A cotação do cacau disparou nos últimos dois anos, saindo da casa dos US$ 2 mil a tonelada para atingir picos superiores a US$ 12 mil em 2024, uma alta de quase 500% e mais volátil que a do bitcoin. E a elevação do insumo tem sobrecarregado preços aos consumidores para a compra de chocolates e sorvetes, de acordo com a Federação das Indústrias do Estado de Minas Gerais (Fiemg).
O cenário, conforme a entidade, impõe um dilema às empresas em repassar totalmente o aumento ao consumidor e arriscar a queda nas vendas, ou segurar preços e comprometer as margens.
“É um momento histórico no mercado do cacau e, consequentemente, do chocolate. A principal causa é a escassez da oferta na região que responde por mais de 70% da produção mundial — o oeste africano, especialmente Gana e Costa do Marfim”, afirma Matheus Pedrosa, CEO da Fralía Cacau Brasil e presidente do Conselho de Tecnologia e Inovação da FIEMG. “São lavouras antigas, afetadas por doenças e mudanças climáticas severas. O problema era previsível, mas ignorado por muito tempo. Agora, a realidade chegou até nós.”

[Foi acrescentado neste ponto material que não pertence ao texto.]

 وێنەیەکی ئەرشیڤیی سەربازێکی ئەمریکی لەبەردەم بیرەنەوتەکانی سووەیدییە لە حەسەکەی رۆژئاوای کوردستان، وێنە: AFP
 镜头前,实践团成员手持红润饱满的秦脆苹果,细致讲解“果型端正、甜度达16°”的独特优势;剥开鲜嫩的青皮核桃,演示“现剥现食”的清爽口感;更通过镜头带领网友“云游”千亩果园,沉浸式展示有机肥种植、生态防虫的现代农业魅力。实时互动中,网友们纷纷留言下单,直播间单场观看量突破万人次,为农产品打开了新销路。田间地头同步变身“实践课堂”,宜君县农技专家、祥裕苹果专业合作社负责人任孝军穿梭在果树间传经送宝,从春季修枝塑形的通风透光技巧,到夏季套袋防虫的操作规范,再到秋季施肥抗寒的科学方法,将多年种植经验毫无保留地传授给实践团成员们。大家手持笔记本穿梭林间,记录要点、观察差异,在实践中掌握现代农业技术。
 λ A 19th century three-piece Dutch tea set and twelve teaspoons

Aline Palmiro, sócia fundadora da Java Chocolates, afirmou que a alta do cacau encarece a produção, mas a elasticidade de preço não tem permitido repassar integralmente o aumento ao consumidor. “Enxugamos margens, ajustamos o portfólio e criamos alternativas, como chocolates com menor teor de cacau e embalagens menores para a Páscoa. É um desafio que exige austeridade e criatividade”, observou.

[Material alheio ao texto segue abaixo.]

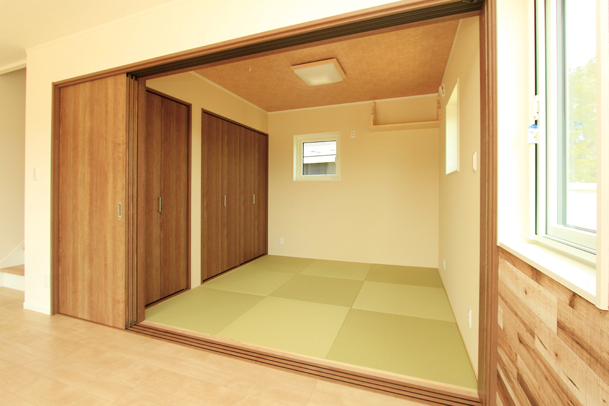 リビングからつづく和室。扉を閉めれば独立した和室になり、子どもを昼寝させるときもリビングから見守れて安心。
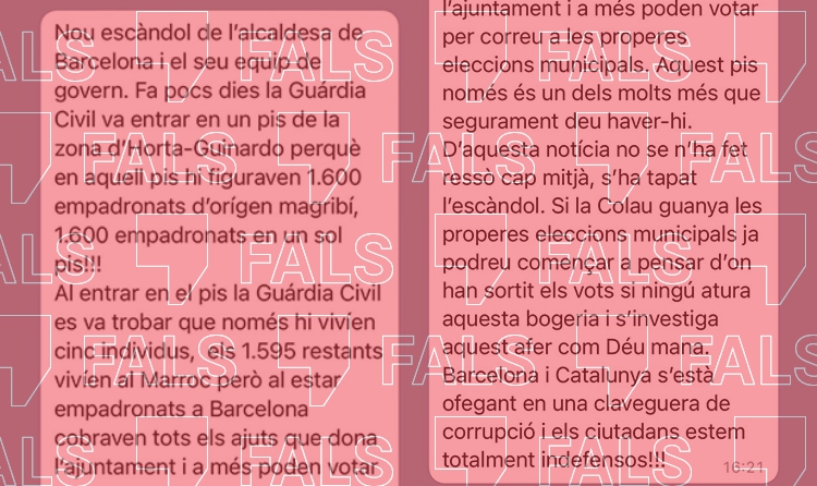 Ens heu preguntat a través del nostre servei de WhatsApp per un missatge viral que diu que “la Guàrdia Civil va entrar en un pis” a Barcelona on “hi figuraven 1.600 empadronats d’origen magrebí” que en realitat “vivien al Marroc”, però que, en “estar empadronats a Barcelona, cobraven tots els ajuts que dona l’ajuntament i, a més, poden votar per correu a les properes eleccions municipals”. El missatge insinuava que Ada Colau ho permetia per a beneficiar-se’n electoralment.
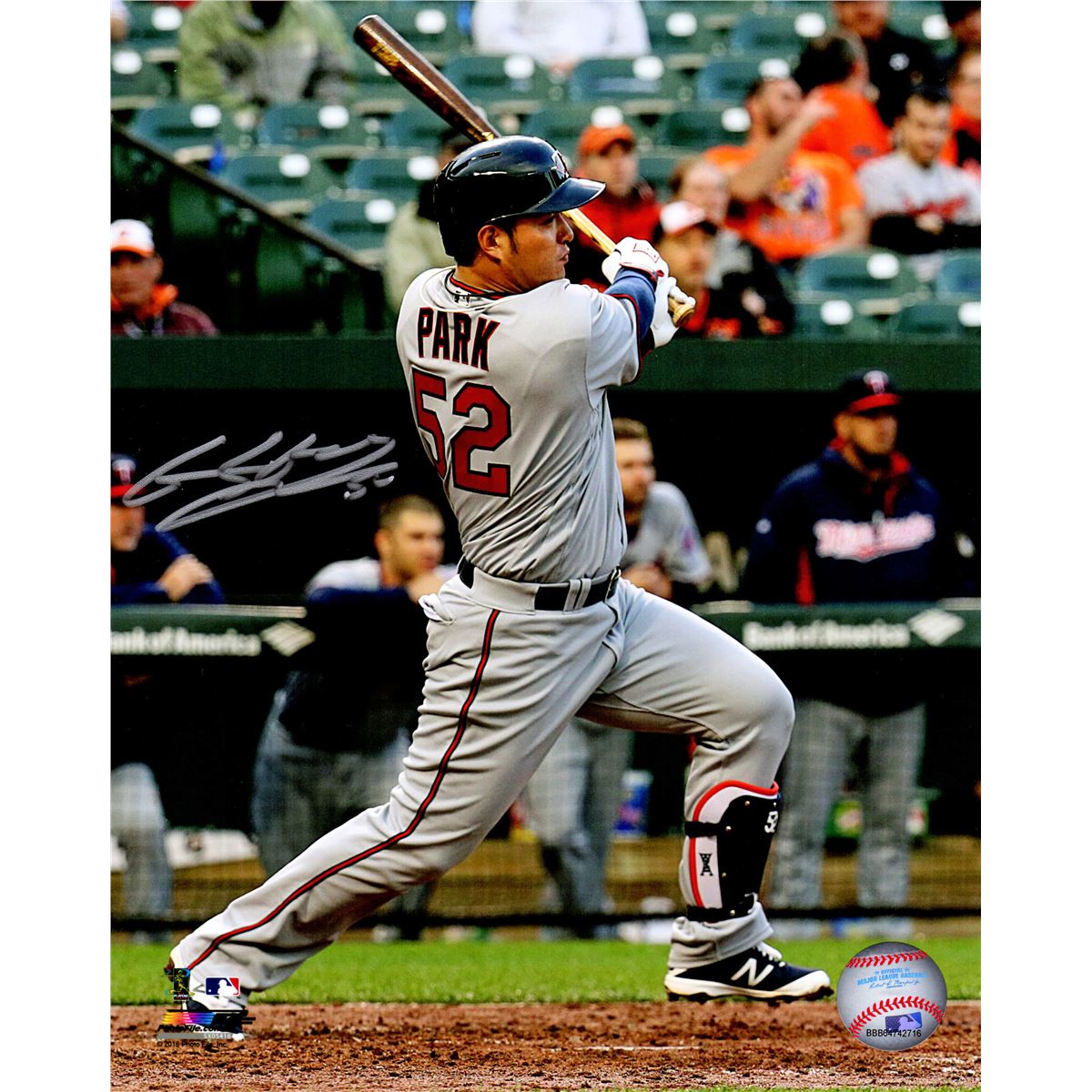 Byung Ho Park signed Minnesota Twins 1st MLB base hit during MLB debut action 8x10 photo. Item comes with a Schwartz Sports Memorabilia tamper-proof numbered hologram and Certificate of Authenticity which can be verified online.

Na prática, de acordo com a Fiemg, a instabilidade no mercado resulta em menos variedade, chocolates mais recheados e menor gramatura para manter a experiência do consumidor sem pesar o bolso. “Perdemos produtores de cacau fino que preferiram vender como commodity. É mais fácil e, neste cenário, mais vantajoso. E quando o elo mais frágil da cadeia — o produtor — quebra, todo o setor sofre junto”, afirma Palmiro.
Efeitos na indústria de sorvetes
Segundo a Fiemg, o setor de sorvetes também sente o impacto. O cacau é amplamente usado em coberturas, bases e recheios, de acordo com Wander de Carvalho, presidente do SindSorvete-MG, que contabiliza uma pressão generalizada: “Algumas indústrias seguraram os preços por um tempo, mas chegou a hora do reajuste. As empresas estão trocando o chocolate por blends mais baratos, tentando evitar o repasse total ao consumidor. Mas sabemos que mais aumentos devem vir na próxima temporada.”
Plínio D’Angelles Frabetti, da fornecedora Food Base, reforça a preocupação e diz que os impactos da elevação do cacau ainda estão represados. “A qualidade de alguns produtos já começa a cair por conta das substituições. A tendência é de reajustes entre 30% e 50%, principalmente no segundo trimestre de 2025”, contabiliza.
André Ribeiro, da Ice Bom, já prepara mudanças em formulações e insumos, enquanto Francisco Melo, da Yze Ice, afirma que o repasse é certo, mas ainda depende do fim dos estoques antigos.
Nova realidade
A cotação do cacau deve continuar alta por pelo menos três ou quatro anos, até que novos plantios consigam reequilibrar a oferta global. A nova realidade, para Matheus Pedrosa, do Conselho de Tecnologia e Inovação da FIEMG, obriga toda a cadeia a se adaptar. “Estamos vivendo uma reconfiguração da cadeia global do cacau. A crise expõe vulnerabilidades, mas também abre espaço para o crescimento de novos mercados, como o Brasil”, afirma. A Fralía, por exemplo, vai inaugurar em 2025 uma nova fábrica em São Gonçalo do Rio Abaixo, com capacidade três vezes maior que a atual.
Na Java Chocolates, a aposta é na transparência e no vínculo com o consumidor. “Desde o início da crise mantemos um post atualizado no nosso blog explicando a situação. Acreditamos que o valor do chocolate vai além do cacau. Ele está na experiência, no prazer e na conexão que proporciona”, diz Palmiro, que se mantém otimista. “O setor já enfrentou outras tempestades e se reinventou. Vamos passar por essa também: com criatividade, parceria e coragem para continuar criando”, conclui a gestora da Java Chocolates.